Re: Indices of array variables are sometimes considered unset (or just display an error).
On Mon, Nov 5, 2018 at 6:01 PM Great Big Dot wrote: (...) > > [... A]ccessing the index list of multiple-element arrays > > fails when you append the unset expansion. With single-element > > arrays, it fails iff the element in question contains any special > > characters or whitespace, and thinks the array is unset otherwise. > > (Further testing shows that a value of the empty string also throws > > an error.) Finally, empty arrays are also considered unset[...] > > Oops, just realized what's causing this. I guess it isn't necessarily a > bug? Debatable, I guess. > > What's actually happening here is that the *indirection* expansion > "${!foo}", and not the *indices* expansion "${!foo[@]}", is what is being > preformed on something like "${!array[@]-}". Both expansions, while > unrelated, happen to use the same syntax, with the exception that > indirections apply to normal variables and index expansions apply to array > variables. For some reason, adding on the "${foo-default}" expansion causes > the former to be used instead of the latter. This can be seen here: Sorry, I'm having a hard time following this email thread. What is your ultimate goal or the actual problem you're trying to solve? (BTW, I would recommend against trying to do three expansions in one. It might be more terse, but it's hard to read and as you found out, leads to weird behavior)
Re: Indices of array variables are sometimes considered unset (or just display an error).

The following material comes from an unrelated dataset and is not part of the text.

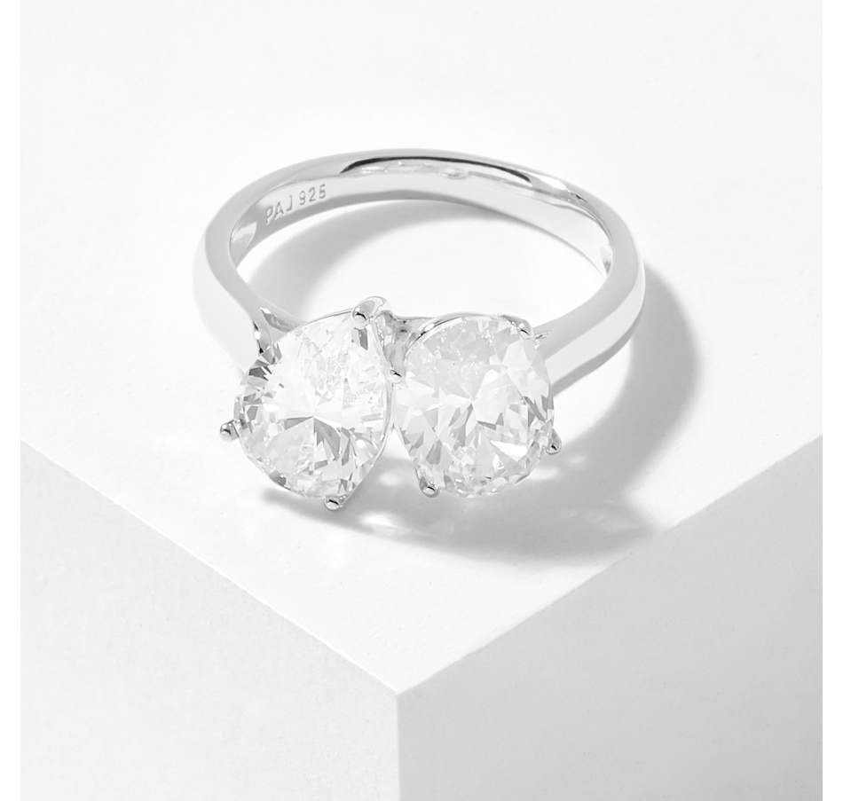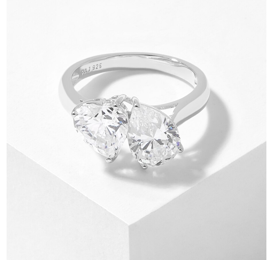 • (1) 9x7mm oval (1) 10x7mm pear shape, prong set & faceted diamonelle (looks like 3.66 av.ctw of real diamonds)

On Mon, Nov 5, 2018 at 10:38 PM Eduardo Bustamante wrote: > Sorry, I'm having a hard time following this email thread. I *think* the point is that OP expected that: (a) ${!var[@]-foo} expands to the indexes of var if ${var[@]} if set, else to `foo' whereas the behavior they observed is: (b) ${!var[@]-foo} expands to the value of the variable whose name is stored in ${var[@]} or to `foo' if that variable is unset Their expectation seems reasonable since "the variable whose name is stored in ${var[@]}" is kind of a weird thing.